1994: Greg Johnson, literary critic and future biographer of JCO, published a study of the collection (Out of Eden: Oates’s Upon the Sweeping Flood) in Midwest Quarterly.

Dramatizing a modern world lacking structure and coherence but seething with vibrant, uncontrolled energies, this aptly-titled volume portrays a variety of individuals seeking moral significance in lives that are buffeted mercilessly by social, economic, and psychological forces that often seem beyond their control or understanding. Upon the Sweeping Flood examines the sterility of modern religious and academic institutions, the conflicted identity of women entrapped in limiting social roles and personal relationships, and the general inability of her characters, whether male or female, whether among an intellectual elite or the rural poor, to impose structure and control upon the sweeping flood of experience. Oates’s title, taken from the Edward Taylor poem appended as an epigraph to the collection, evokes an image expressing better than any other in her oeuvre the essential Oatesian vision of our human predicament. As Karl Keller has noted, “All of the stories in the collection are related in one way or another to the general theme of Taylor’s poem: the disparity between man’s desires and his deserts, and his inability to bridge the gap between himself and anything ultimate.” The title also recalls Oates’s intense reaction to first reading Nietzsche, at age eighteen: “what visceral unease!—as if the very floor were shifting beneath one’s feet.” Throughout this collection, Oates places her characters within a shifting, chaotic landscape tentatively poised at the edge of the Nietzschean abyss.

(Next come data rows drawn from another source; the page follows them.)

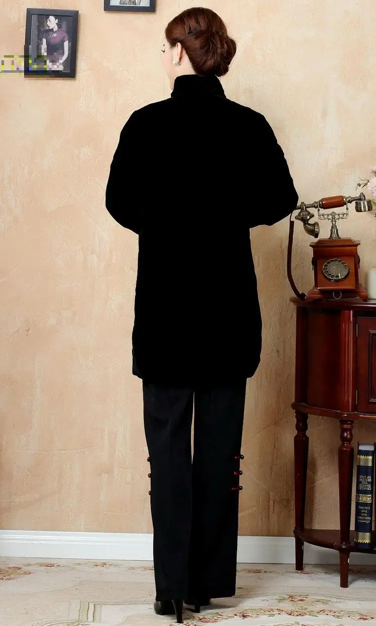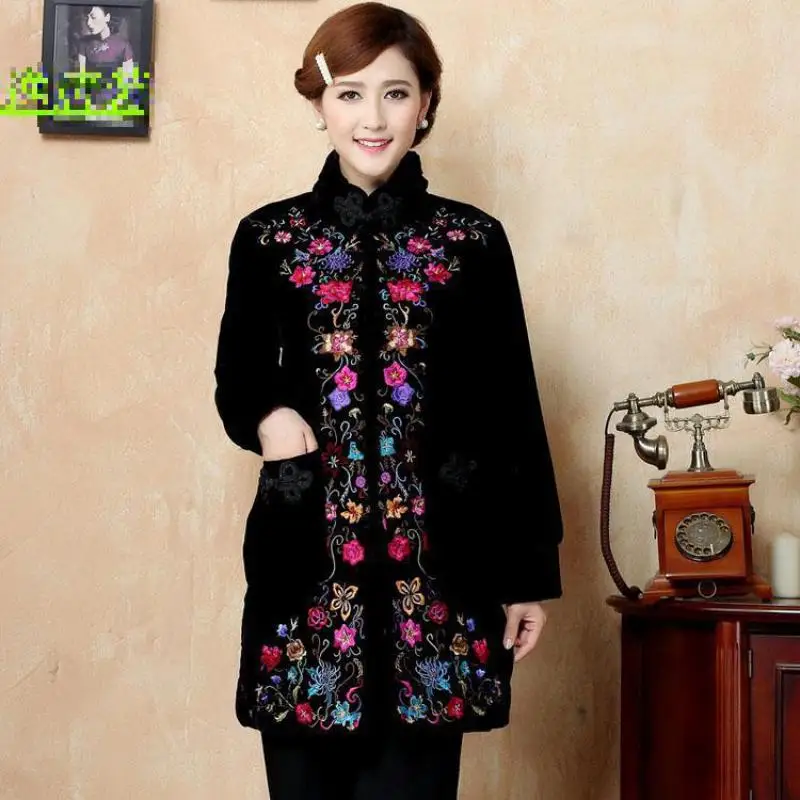 Limited Embroidery Flower Mother Clothes Lady Thick Mandarin Collar Jacket Winter New Warm Velvet Long Slee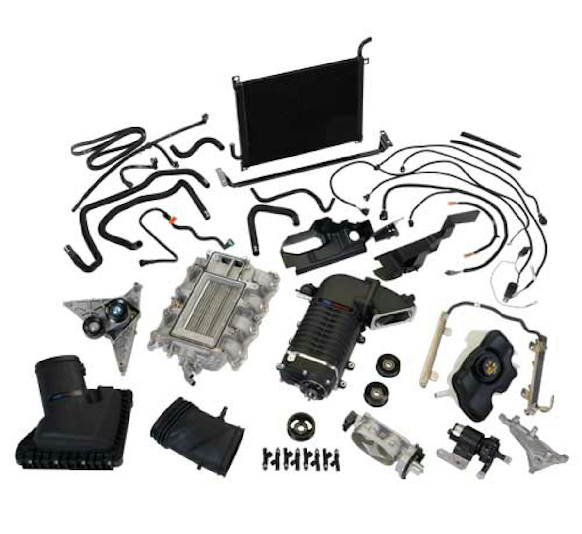 The kit features an Eaton TVS rotor-based supercharger, along with a large intercooler, intercooler water pump, fuel injectors, fuel rails, a handheld calibration module with preloaded tunes, and all belts, tensioners, hoses, and other necessary components that make this a complete, ready-to-install kit.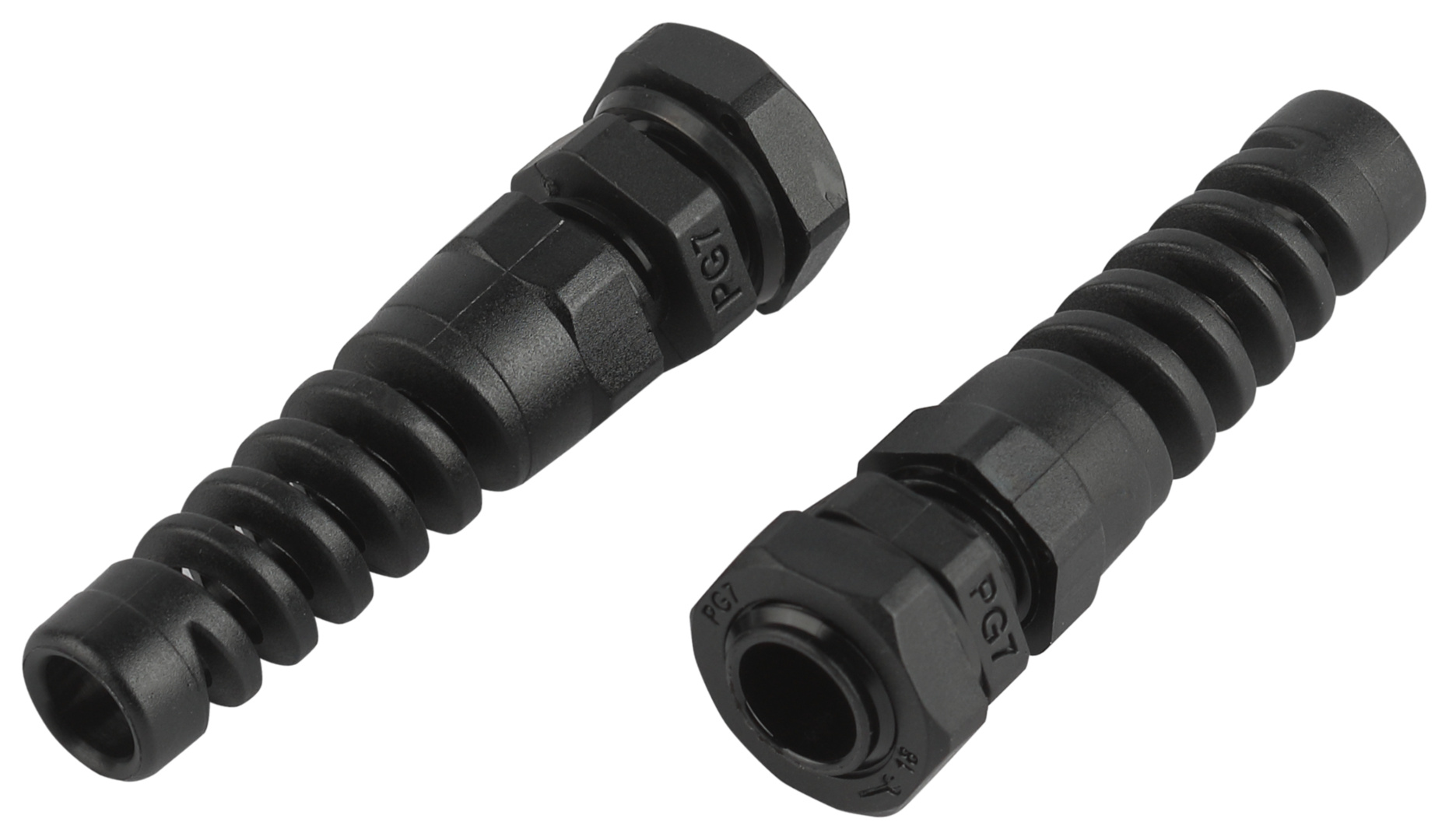 Кабельные вводы (сальники) c гибким отводом серии PGR состоят из гайки-фиксатора, уплотнительного кольца, корпуса, фиксирующего зажима, сальника и прокладки, спирального гибкого отвода. Удлиненный спиралевидный отвод служит для защиты проводника от перегибов и механических повреждений в месте ввода-вывода. Устанавливаются в местах ввода-вывода проводников в электроустановку и защищают от проникновения вовнутрь пыли и влаги по стандарту IP54.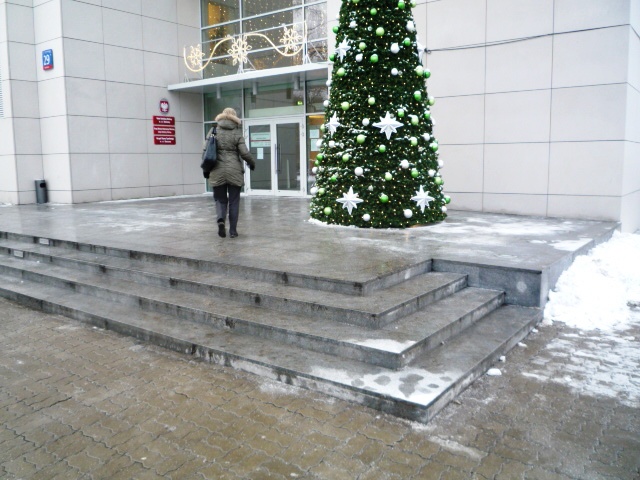 4. Odmawiaj ustawienia stojaków na wolnej przestrzeni po prawej od wejścia twierdząc, że bezpośrednio przy ścianie budynków odbywa się ruch pieszy osób wychodzących z urzędu, a jednocześnie zezwalaj na stawianie tam np. choinki.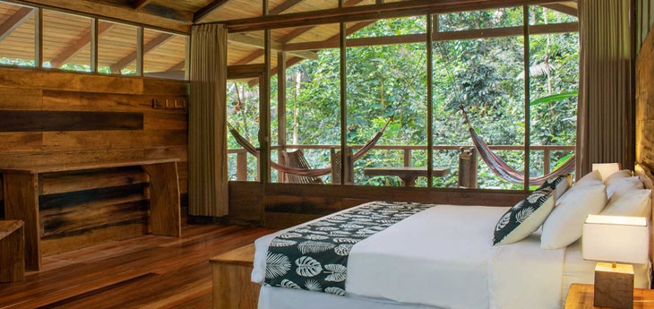 The canoe docks by the Balsa Lounge, a thatched structure with a small bar and combination of al fresco dining and comfy chairs to relax and gaze over the lagoon. This is also the access point to the captivating blackwater lagoon pool – a floating ‘cage’ on the lagoon surface that allows guests to cool off in the water without any unwelcome visitors! A series of boardwalks lead away from the lagoon and into the forest, where the main restaurant and bar are first located, followed by the accommodation.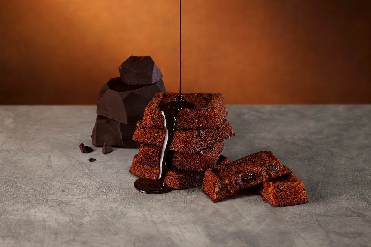 材料にもこだわり、フランス産生乳の発酵バター※とスペインでつくられたカカオ分66%のチョコレート、そしてカカオ分44%のチョコチップを使用して焼き上げました。発酵バターと2つのビターチョコレート、それぞれの美味しさを惜しみなく閉じ込めたこの時期にぴったりの商品です。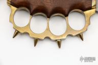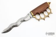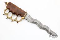 This Damascus Kris Trench Knife by Daryl Hibben features a Devon Thomas Damascus kris blade with .249" blade stock and 1.265" blade depth, hidden tang construction. The handle is comprised of spiked brass knuckles, pinned wood covers, brass spike on pommel. One of the brass spikes is lightly blunted.  Has some patina on the brass. Excellent condition.

2011: Alan Heathcock, whose first story collection, Volt, places him at the beginning of a promising literary career, writes of inspiration he’s received from a master.
I own an old ragged paperback of the story collection Upon the Sweeping Flood. The pages are yellow and brittle. On the first page, before any of the stories, is a quote from Oates: “I am concerned with only one thing, the moral and social conditions of my generation.” Just like that. So easy, so focused. My problem is clear. I am distracted, focusing on many things, while her concern is distilled into a single sentence. And oh how she pays out that focus.
The first time I read the title story, I was sitting in a condo on the fifth floor of a building in Chicago, Illinois. I remember it was fall, probably October, and I put the book down, trembling a bit, and stared for a long time into the golden tops of the locust trees outside my window. I was a budding writer then, and remember reflecting on my own work and thinking something like, “You’re not even close. Not even in the ballpark yet…
Heathcock has more to say on the subject on the Library of America blog:
While teaching at Boise State University, I had a macho ranch-raised kid declare he never read women writers because they only wrote meek stories about domestic life. To combat his ignorance, I gave him the story “Upon the Sweeping Flood” from the collection of the same name. The story—about a man who drives headlong into a hurricane only to become stuck in a farm-house with a teenage boy and girl—rages with the ferocity of a great storm and ends with possibly the most shocking violence I’ve ever read. It made the ranch-kid eat his hat (and words). Oates has written many great books, and this one, though not discussed as often as her award-winning novels, is, in my opinion, her best work, and deserves to be mentioned as one of the best collections of stories in the latter half of the twentieth century.